Может быть, тут же уместно вспомнить и такой разговор Зощенко и М. Л. В каком году – не помню. Речь шла о товариществе, о писательских взаимоотношениях, хорошенько не помню о чем.

М. Л. сказал: «Я никогда не пропускал войска на твою территорию». А Зощенко – сокрушенно (именно сокрушенно): «А я пропускал…»

* * *

Прошла война. Мы были эвакуированы в разные города и не встречались. За это время Зощенко напечатал в «Октябре» свое знаменитое «Перед восходом солнца», был страшно обруган, вернулся в Ленинград, по-моему, раньше нас. В Ленинграде он встретил у руководства очень хороший прием, хотя, как правило, к эвакуированным относились недоброжелательно. Правда, Зощенко эвакуировался не по собственному желанию, а по указанию свыше. Так или иначе положение его в Ленинграде было прочное и спокойное. Он как-то посолиднел, успокоился, и даже в его обиходе появились какие-то снисходительные, покровительственные нотки. Мне они не нравились, но тем не менее отношения были дружеские, привычные.

И тут грянул доклад А. Жданова и постановление о журналах «Звезда» и «Ленинград».

По-моему, мы еще жили в Комарове и приехали на этот день в Ленинград. Никто ничего точно не знал (я говорю о близких нам людях), ходили какие-то неясные слухи. М. Л. ушел на собрание. И вот тут, кажется, вечером мне позвонил Зощенко (а он тоже в это время жил на своей даче в Сестрорецке), позвонил из города, и я поняла, что ему на это собрание билет не послали. Мы условились, что, когда М. Л. вернется, мы ему позвоним и он придет к нам.

М. Л. вернулся с собрания не один. Пришли к нам еще Козаковы, Мариенгоф с Никритиной, Эйхенбаумы. Сразу же позвонили Зощенко, и он пришел. Он явно был обеспокоен, но старался не подавать вида и пытался шутить. М. Л. увел его в кабинет и рассказал ему о том, что происходило на собрании. Кстати, один из московских «руководящих» товарищей предложил М. Л. выступить с осуждением Зощенко. М. Л. отказался (может быть, его потому и включили в то знаменитое постановление, потому что сам рассказ, по поводу которого «постановляли», не представлял специального интереса). Выступил Н. Никитин – очень растерянно и, не закончив выступления, под каким-то нелепым предлогом сошел с трибуны (или, как он сказал в своей сумбурной речи, – с эстрады). О Никитине я, естественно, говорю со слов тех, кто был на собрании.
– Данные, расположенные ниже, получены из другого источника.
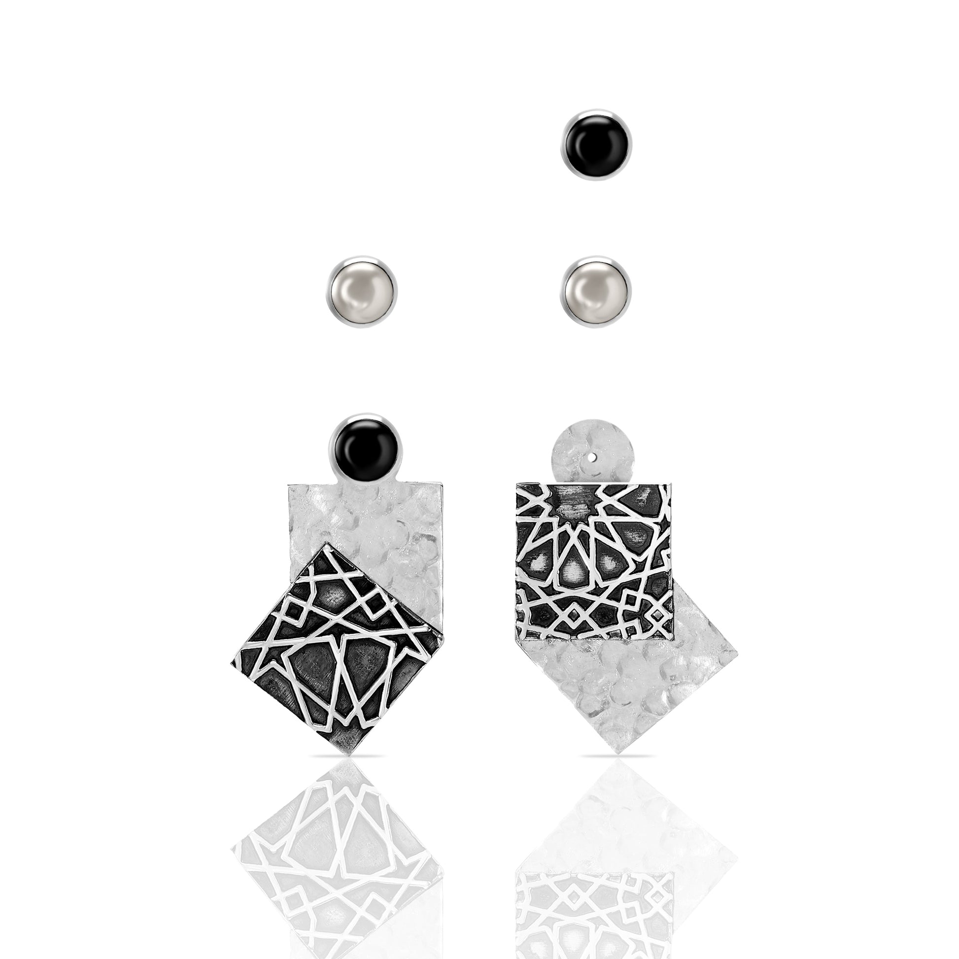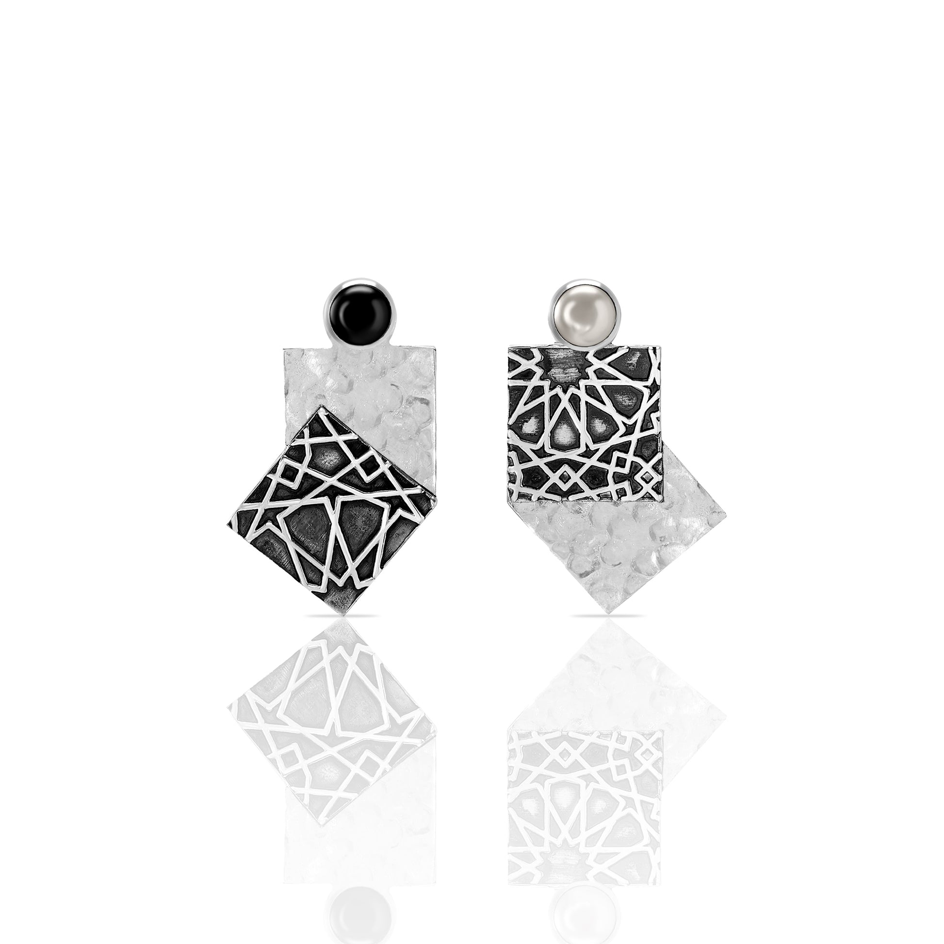 Sterling Silver 925, Natural Cultured Pearl, and Black Onyx Stone

В общем, все были и очень удивлены, и очень обеспокоены. Просидели мы за столом в ту ночь очень долго. Советовали Зощенко написать на самый верх, объяснить неправильность трактовки его писательского труда. О чем говорили точно, я уже не помню, а писать по принципу «если память мне не изменяет» о столь важных вещах не хочу. Помню только, что атмосфера была очень дружная.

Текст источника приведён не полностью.